-- Record extracts follows --
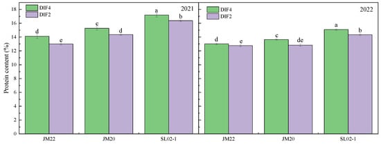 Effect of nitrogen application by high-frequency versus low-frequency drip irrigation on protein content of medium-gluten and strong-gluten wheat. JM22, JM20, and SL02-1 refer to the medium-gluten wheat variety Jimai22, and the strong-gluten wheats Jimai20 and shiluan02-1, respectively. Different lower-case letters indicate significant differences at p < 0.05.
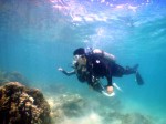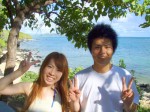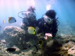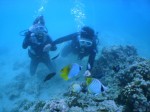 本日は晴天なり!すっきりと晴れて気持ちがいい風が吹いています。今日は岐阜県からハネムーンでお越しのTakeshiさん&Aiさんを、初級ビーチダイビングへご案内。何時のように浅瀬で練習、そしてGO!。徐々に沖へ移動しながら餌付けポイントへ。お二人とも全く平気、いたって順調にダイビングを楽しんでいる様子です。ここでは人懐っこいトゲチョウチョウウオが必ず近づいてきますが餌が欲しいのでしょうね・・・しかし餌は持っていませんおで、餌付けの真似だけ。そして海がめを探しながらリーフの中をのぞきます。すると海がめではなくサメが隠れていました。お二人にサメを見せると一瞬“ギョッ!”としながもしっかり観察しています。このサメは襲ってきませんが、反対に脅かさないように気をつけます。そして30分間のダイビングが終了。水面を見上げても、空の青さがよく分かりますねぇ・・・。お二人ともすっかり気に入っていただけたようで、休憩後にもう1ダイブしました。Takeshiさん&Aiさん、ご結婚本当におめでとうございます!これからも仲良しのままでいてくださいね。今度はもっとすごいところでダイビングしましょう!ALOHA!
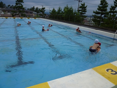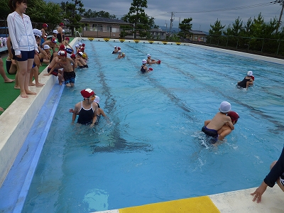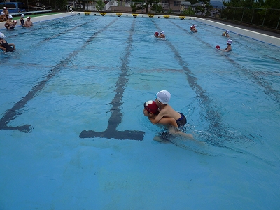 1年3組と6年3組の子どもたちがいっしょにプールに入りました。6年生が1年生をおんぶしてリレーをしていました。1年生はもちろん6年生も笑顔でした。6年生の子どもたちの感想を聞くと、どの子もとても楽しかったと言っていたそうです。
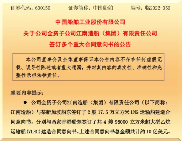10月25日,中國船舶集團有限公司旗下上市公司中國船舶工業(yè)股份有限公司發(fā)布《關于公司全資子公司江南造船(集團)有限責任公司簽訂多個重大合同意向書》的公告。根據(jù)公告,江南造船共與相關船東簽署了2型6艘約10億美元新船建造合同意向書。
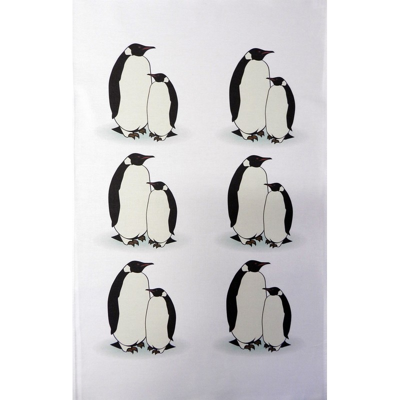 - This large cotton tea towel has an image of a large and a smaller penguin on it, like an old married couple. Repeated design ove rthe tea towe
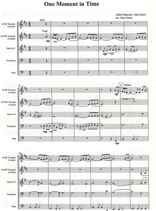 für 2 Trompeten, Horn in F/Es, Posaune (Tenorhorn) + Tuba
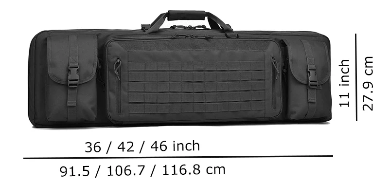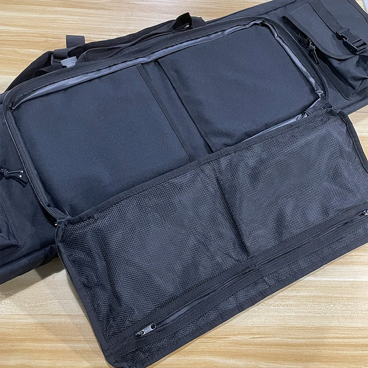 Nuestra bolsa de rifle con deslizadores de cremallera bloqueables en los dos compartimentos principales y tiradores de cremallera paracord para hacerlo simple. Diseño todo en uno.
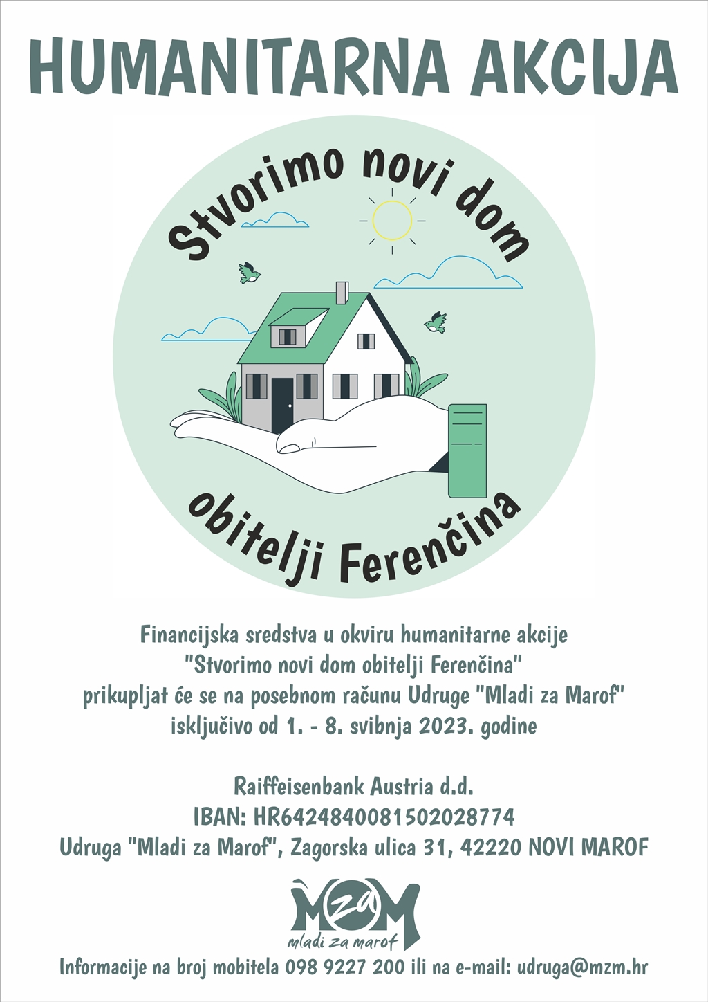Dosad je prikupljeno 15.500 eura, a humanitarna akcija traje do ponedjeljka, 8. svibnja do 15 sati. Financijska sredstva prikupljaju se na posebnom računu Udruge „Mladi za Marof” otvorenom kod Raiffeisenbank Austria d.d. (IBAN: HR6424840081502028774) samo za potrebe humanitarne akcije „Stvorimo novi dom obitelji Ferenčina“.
-- Record extracts concluded --
> _Action item_:
Repeat each record exactly, with the pictures left out.

> _Response to this exercise_:
 Effect of nitrogen application by high-frequency versus low-frequency drip irrigation on protein content of medium-gluten and strong-gluten wheat. JM22, JM20, and SL02-1 refer to the medium-gluten wheat variety Jimai22, and the strong-gluten wheats Jimai20 and shiluan02-1, respectively. Different lower-case letters indicate significant differences at p < 0.05.
 本日は晴天なり!すっきりと晴れて気持ちがいい風が吹いています。今日は岐阜県からハネムーンでお越しのTakeshiさん&Aiさんを、初級ビーチダイビングへご案内。何時のように浅瀬で練習、そしてGO!。徐々に沖へ移動しながら餌付けポイントへ。お二人とも全く平気、いたって順調にダイビングを楽しんでいる様子です。ここでは人懐っこいトゲチョウチョウウオが必ず近づいてきますが餌が欲しいのでしょうね・・・しかし餌は持っていませんおで、餌付けの真似だけ。そして海がめを探しながらリーフの中をのぞきます。すると海がめではなくサメが隠れていました。お二人にサメを見せると一瞬“ギョッ!”としながもしっかり観察しています。このサメは襲ってきませんが、反対に脅かさないように気をつけます。そして30分間のダイビングが終了。水面を見上げても、空の青さがよく分かりますねぇ・・・。お二人ともすっかり気に入っていただけたようで、休憩後にもう1ダイブしました。Takeshiさん&Aiさん、ご結婚本当におめでとうございます!これからも仲良しのままでいてくださいね。今度はもっとすごいところでダイビングしましょう!ALOHA!
 1年3組と6年3組の子どもたちがいっしょにプールに入りました。6年生が1年生をおんぶしてリレーをしていました。1年生はもちろん6年生も笑顔でした。6年生の子どもたちの感想を聞くと、どの子もとても楽しかったと言っていたそうです。
10月25日,中國船舶集團有限公司旗下上市公司中國船舶工業(yè)股份有限公司發(fā)布《關于公司全資子公司江南造船(集團)有限責任公司簽訂多個重大合同意向書》的公告。根據(jù)公告,江南造船共與相關船東簽署了2型6艘約10億美元新船建造合同意向書。
 - This large cotton tea towel has an image of a large and a smaller penguin on it, like an old married couple. Repeated design ove rthe tea towe
 für 2 Trompeten, Horn in F/Es, Posaune (Tenorhorn) + Tuba
 Nuestra bolsa de rifle con deslizadores de cremallera bloqueables en los dos compartimentos principales y tiradores de cremallera paracord para hacerlo simple. Diseño todo en uno.
Dosad je prikupljeno 15.500 eura, a humanitarna akcija traje do ponedjeljka, 8. svibnja do 15 sati. Financijska sredstva prikupljaju se na posebnom računu Udruge „Mladi za Marof” otvorenom kod Raiffeisenbank Austria d.d. (IBAN: HR6424840081502028774) samo za potrebe humanitarne akcije „Stvorimo novi dom obitelji Ferenčina“.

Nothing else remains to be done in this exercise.